There are technological challenges to down-scaling processes that involve mixing, heating/cooling, pumping, reacting and metering of fluids, due to which there are no commercially available products that carry out these complex operations.
At small scales, fluid flow is in the laminar regime, and mixing takes place by molecular diffusion. This is in contrast to large scale industrial processes, where the flow is usually in the turbulent regime; turbulent mixing is faster, by orders of magnitude, in comparison to molecular diffusion. To provide a perspective, the diffusion coefficient of small molecules in liquids such as water is of the order of 10−9 m2/s, and that of larger molecules such as proteins could be as low as 10−13 m2/s. Based on simple dimensional analysis, the time required for diffusion across a channel of width 1 mm could be as long as 1000 s for small molecules, and as large as 107 s for larger molecules.
Due to the slow mixing, it is necessary for fluids to remain in contact for long periods of time.
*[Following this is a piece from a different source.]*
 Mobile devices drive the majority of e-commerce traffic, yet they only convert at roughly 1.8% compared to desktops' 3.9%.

A blood cell counter requires a path length of many tens of centimeters so that the flow contact time is sufficient for the blood and cell lysing agent to mix completely.
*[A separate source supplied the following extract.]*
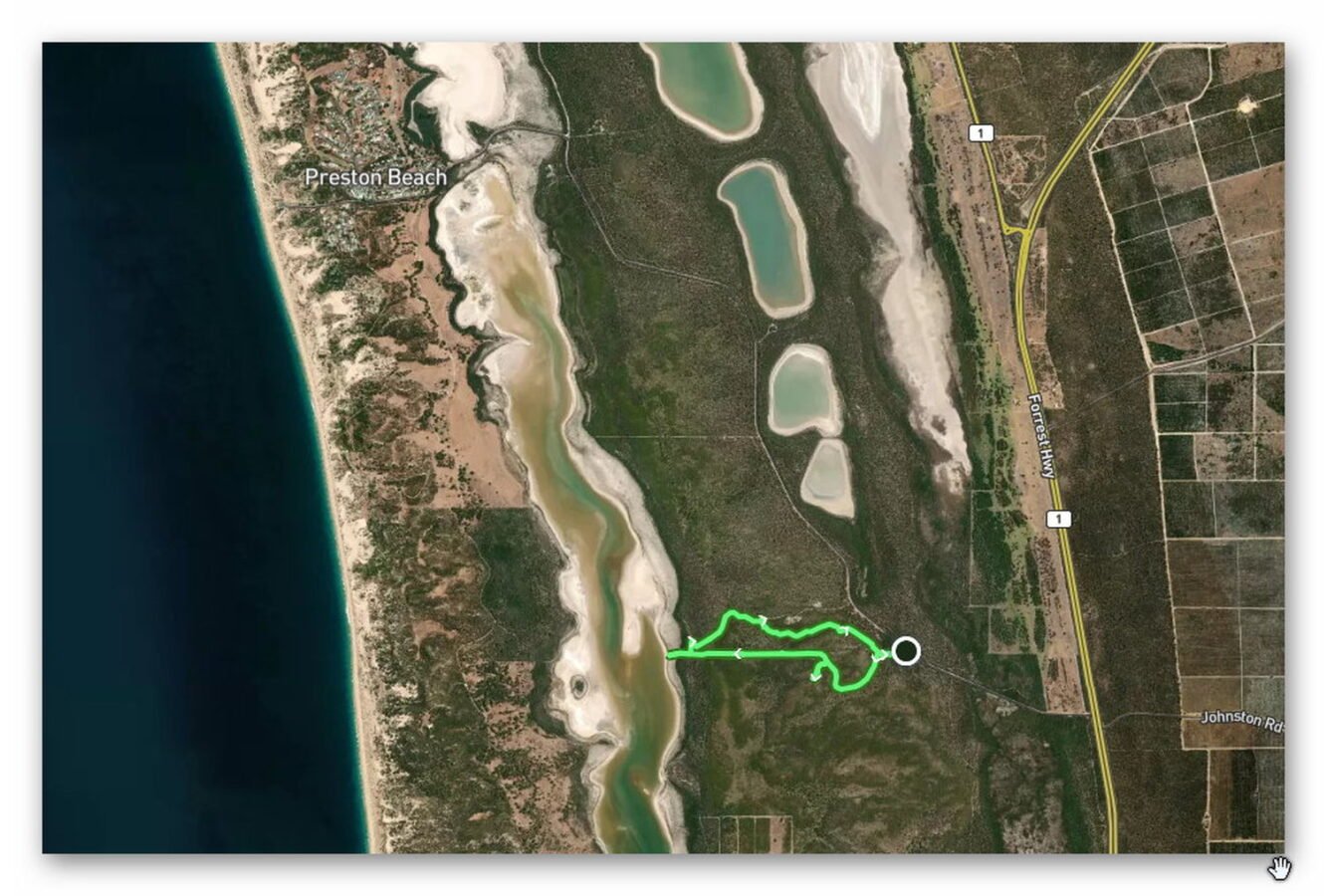 Preston Beach sits at the Northern end of the Lake and offers a small Roadhouse / Store where we bought a Fish and Chips Lunch after our walk and drove to the beach.

In a micro fluidic device as the path length increases, the pressure drop for driving the flow also increases (proportional to the length). The pressure drop across a micro-channel of length 1 m, width 1 mm and height 100 μm can be as large as 4-5 atm even for a very small flow rate of 1 ml/min when the flow is laminar. Such large pressure drops require pumps and compressors to drive the flow, and increase the complexity and cost of equipment involved. Such large pressure drops require a high mechanical strength of the device itself, since high pressures in systems of small dimensions could lead to mechanical failure. The large path length also increases the volume of fluids and expensive reagents that are required.
There is also the difficulty of setting up fluid interconnects between the device and the surrounding fluid inputs or outputs which are strong enough to withstand the high pressures without leakage.
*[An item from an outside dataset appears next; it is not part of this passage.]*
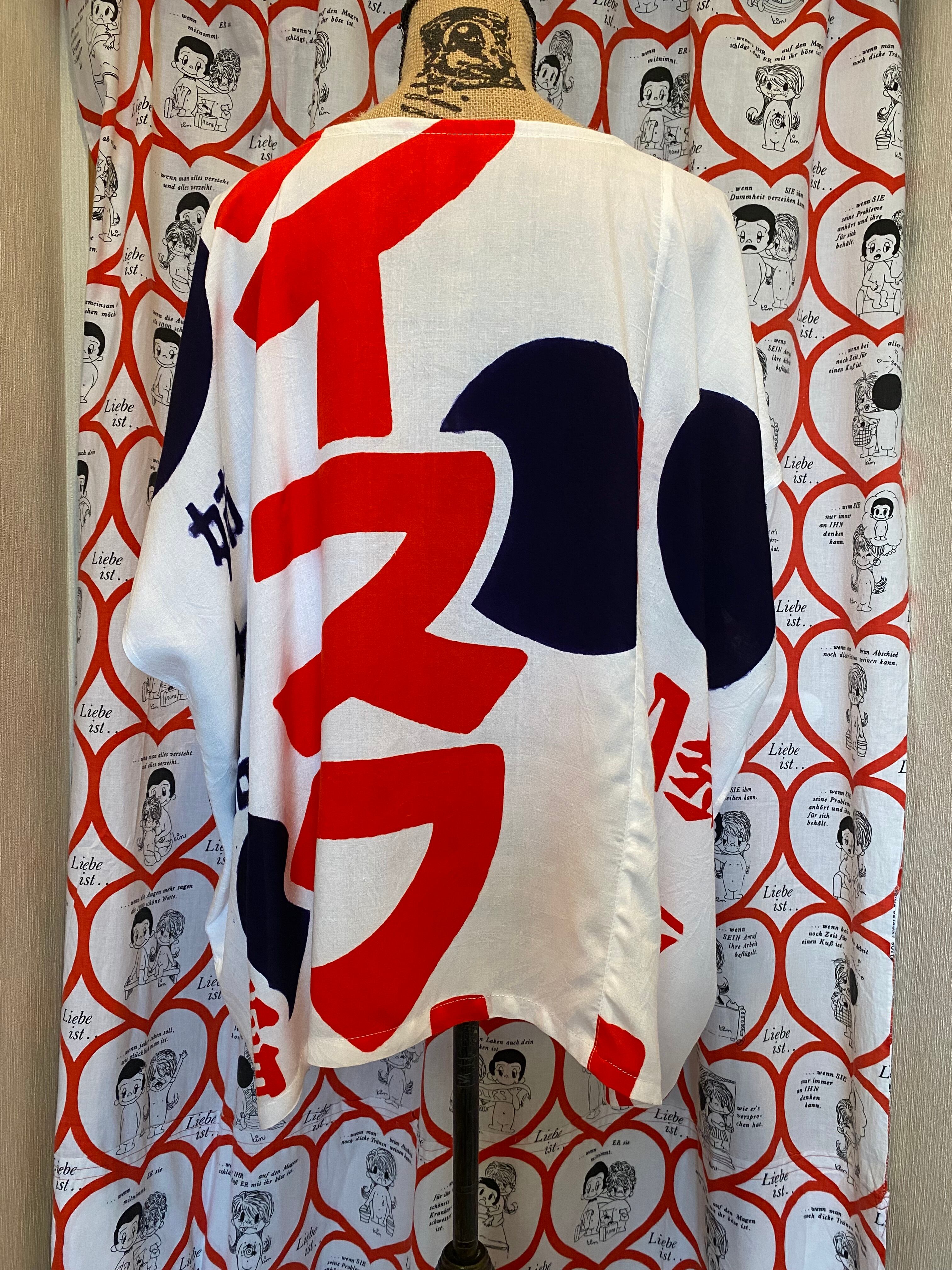 リメイク 昭和レトロ広告旗リメイクポンチョブラウス

In view of the foregoing reasons microfluidic devices for pumping, mixing, heating/cooling, reacting, metering and other handling of fluids typically involve large path lengths (of the order of tens of centimeters), due to the slow mixing. In microfluidic applications, where the Reynolds number is low because the channel/pipe diameter is small, the flow is usually in the laminar regime. Here, the Reynolds number is (ρV L/η), where ρ and η are the fluid density and viscosity, L is the characteristic length (tube diameter or channel height) and V is the characteristic velocity. In a laminar flow with smooth streamlines, mixing occurs only by molecular diffusion, which is much slower than turbulent diffusion. Therefore, one encounters the engineering limitation that the rates of mass and heat transfer are much lower than that in a turbulent flow. This results in the requirement for long fluid paths in order to provide adequate residence time for mixing, and the consequent increase in the pressure requirements for pumping the fluid at low velocities. The devices are typically connected to external inlets and outlets and driven by external pumps and compressors. Moreover, the large pressure differences often result in mechanical failure of the equipment due to the inability of the tubes and channels to withstand the large forces.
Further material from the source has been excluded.